By the way, this waiting is not restricted to Jupyter. If I next start Python/PySpark on the CLI and connect to the same cluster, it has to wait, too.
In all three cases I get a session
like this:
spark_sesn = SparkSession.builder.config(conf = spark_conf).getOrCreate()
Note that there is nothing heavy-duty going on in these notebook tabs or on the CLI. On the contrary, it's super light (just for testing).
Did I configure something wrong, or have my underlying distribution concept incorrect? I thought there should be multiplexing here, not blocking. Perhaps it's a session sharing issue? (i.e. .getOrCreate()
).
I've tried playing with the combination CORES + WORKER-INSTANCES (e.g. 12 x 5 respectively), but the same issue arises.

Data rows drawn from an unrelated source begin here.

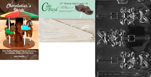 Cybrtrayd 45St50Bk-E039 'Cute Bunny Lolly' Easter Chocolate Candy Mold with 50 4.5-Inch Lollipop Sticks and Chocolatier's Guide
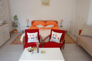 Casa può accogliere 7 ospiti. I letti sono disposti nelle camere da letto che sono 2, su 103m2. Gli ospiti hanno a disposizione il proprio terrazzo per godere nelle calde serate estive. Per il piacere totale e il relax c'è il barbecue privato solo per gli ospiti di quest'alloggio. Nell'unità di alloggio si possono portare gli animali domestici con un pagamento supplementare.
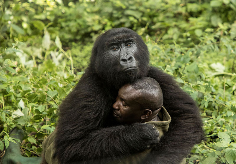 یک مرد در آغوش گوریل غول پیکر در پارک ملی ویرونگا کشور کنگو/ عکس از James Gifford
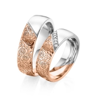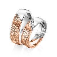 Set trouwringen van Eternal Touch in roségoud 14 kt. witgoud 14 kt. Oppervlakte: gepolijst met in totaal 0,06 ct. Briljant tw/si (Product 1 met steenzetting Product 2 zonder steenzetting)
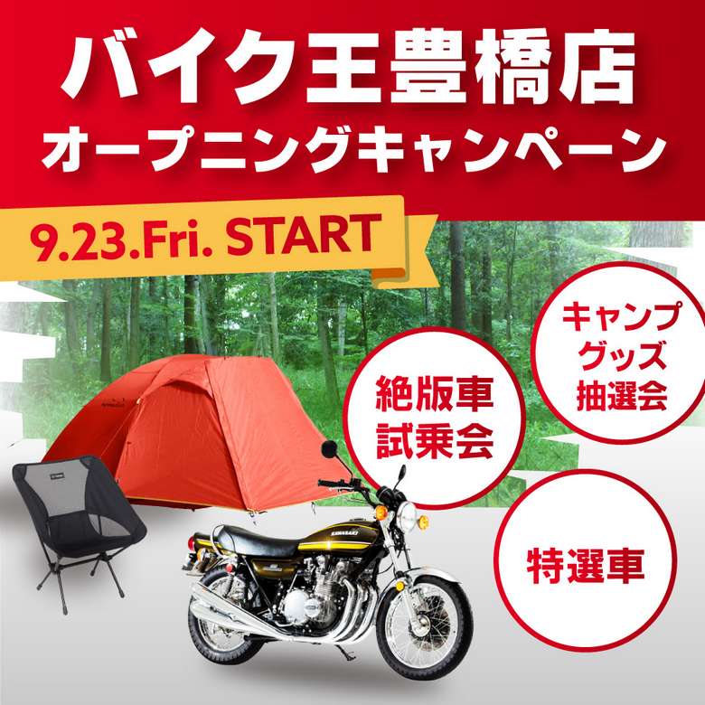 9月23日(金)と9月24日(土)は、参加無料のキャンプグッズ抽選会と絶版車試乗会を開催※1する。来場の皆様にご参加いただけるキャンプグッズ抽選会で当たる景品は、人気のテンマクデザインのテントやヘリノックスの折り畳みチェア、ランタン等となっている。また、抽選会に参加した方全員に素敵なプレゼントが用意されている。絶版車試乗会※2は、カワサキZ1、ホンダNS400R、ヤマハRZ350を用意し、今なお根強い人気を誇る名車を試乗できる。これらはすべて、実際にお客様からお譲りいただいた車両で、バイク王のテクニカルアドバイザー(整備スタッフ)の整備によりベストなコンディションに仕上げている。

Hmmm. Well I will keep investigating (it's time for bed). =:)
Thank you in advance for your inputs and insights.
Upvotes: 0
Views: 1227
Reputation: 21
Have you started the shuffle service ? If no, you need to do it this way :
$SPARK_HOME_DIR/sbin/start-shuffle-service.sh
Then you need to enable the dynamicAllocation and specify to your sparkSession that the shuffle service is enabled.
To do so, declare it in your SparkConf() :
spark.dynamicAllocation.enabled = true
spark.shuffle.service.enabled = true
Look at : https://spark.apache.org/docs/latest/configuration.html#dynamic-allocation
Once you wait a "spark.dynamicAllocation.executorIdleTimeout" amount of time, the executors will be removed. You can see that on the Standalone Master UI and the Spark app UI.
Another good link :https://dzone.com/articles/spark-dynamic-allocation
Upvotes: 2